Potensi Besar Industri Maskapai Penerbangan Syariah di Indonesia

ilustrasi (foto: middle east eye .net)

MTN, Jakarta – Indonesia sebagai negara dengan populasi penduduk beragama Islam terbesar di dunia tentu memiliki potensi besar untuk industri maskapai penerbangan syariah. Tapi seperti apa cara penerapannya?

Dilansir dari Tangerang Online, praktisi industri penerbangan, M Suriawan Wakan, pernah mengatakan kalau Indonesia memiliki potensi besar dalam membangun dan mengoperasikan penerbangan berbasis syariah.

“Potensi itu didukung oleh fakta bahwa ekonomi syariah tumbuh dengan baik, pada sisi lain marketnya terbuka lebar. Bahkan ada semacam captive market,” ujar Wakan.

Menurut Wakan, pembiayaan untuk membangun penerbangan syariah tersebut dapat dilakukan dengan melibatkan seluruh potensi partisipasi publik, lembaga-lembaga keuangan syariah dan institusi keagamaan seperti Muhammadiyah, NU, MUI, dan lain-lain.

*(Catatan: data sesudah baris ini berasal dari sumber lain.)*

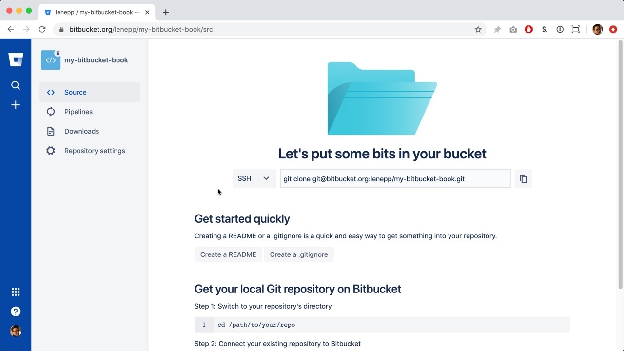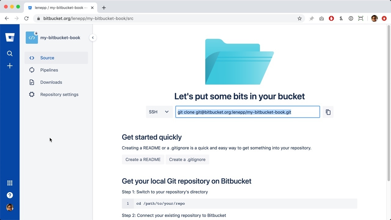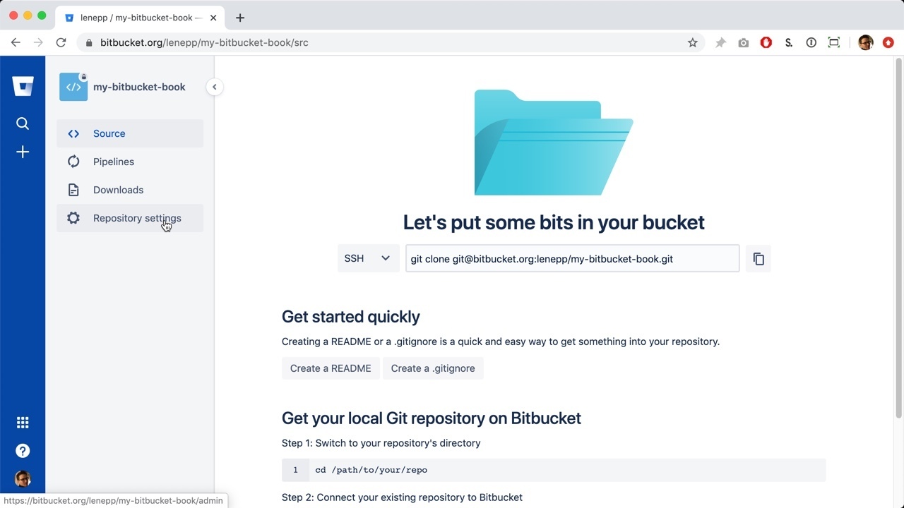 Go back to the Bitbucket page for your book’s Bitbucket repository.

“Modal awal sekitar Rp1 triliun untuk membeli lima pesawat dan menyewa lima pesawat lainnya, sebagai salah satu syarat mengurus Air Operator Certificate (AOC) ke Ditjen Perhubungan Udara. Dalam tempo singkat permodalan ini dapat dimobilisasi. Tinggal bentuk dulu lembaga sebagai operator, lalu mobilisasi dana publik dengan mendapat izin dari Otoritas Jasa Keuangan (OJK),” terang Wakan.

Dengan saham dimiliki publik, lanjut Wakan, maka sangat terbuka peluang untuk pegawai maskapai, termasuk pilot dan kru kabin menjadi bagian pemilik perusahaan.

Lebih jauh Wakan menjelaskan, eksistensi maskapai penerbangan syariah ini dibutuhkan, mengingat masih sangat besar celah kebutuhan muslim yang belum dapat dipenuhi oleh maskapai penerbangan yang sudah ada di Indonesia.

“Contohnya, kru kabin berbusana muslimah, penumpang perempuan menutup aurat sesuai syariah, serta pelayanan bernuansa Islami, seperti berdoa bersama sebelum dan setelah terbang, dan sebagainya,” tutur Executive General Manager PT Angkasa Pura II Kantor Cabang Utama Bandara Soekarno-Hatta ini.

Sebelumnya pada tahun 2015 sebuah maskapai penerbangan syariah diluncurkan di Malaysia, yang bernama Rayani Airlines.

Rayani Airlines adalah maskapai syariah pertama Malaysia, dan keempat di Asia setelah Saudi Arabian Airlines, Iran Airways dan Royal Brunei.

Maskapai penerbangan syariah Malaysia tersebut memakai hukum-hukum Islam dalam setiap aktivitasnya.

Dilansir dari Phinemo, Direktur Utama Rayani Airlines saat itu, Jaafar Zamhari, menjelaskan bahwa alkohol dilarang di setiap penerbangan Rayani dan juga mereka menerapkan aturan berpakaian yang tegas. Kru kabin perempuan Rayani yang Muslim diwajibkan memakai hijab, sementara yang non-muslim memakai seragam yang sopan.

Para penumpang akan mendapat hidangan yang semuanya dijamin halal. Rayani juga memiliki prosedur pembacaan doa sebelum keberangkatan di tiap penerbangan.

Sayang pada tahun 2016 Rayani Air ditutup karena persoalan profesionalitas dan manajerial.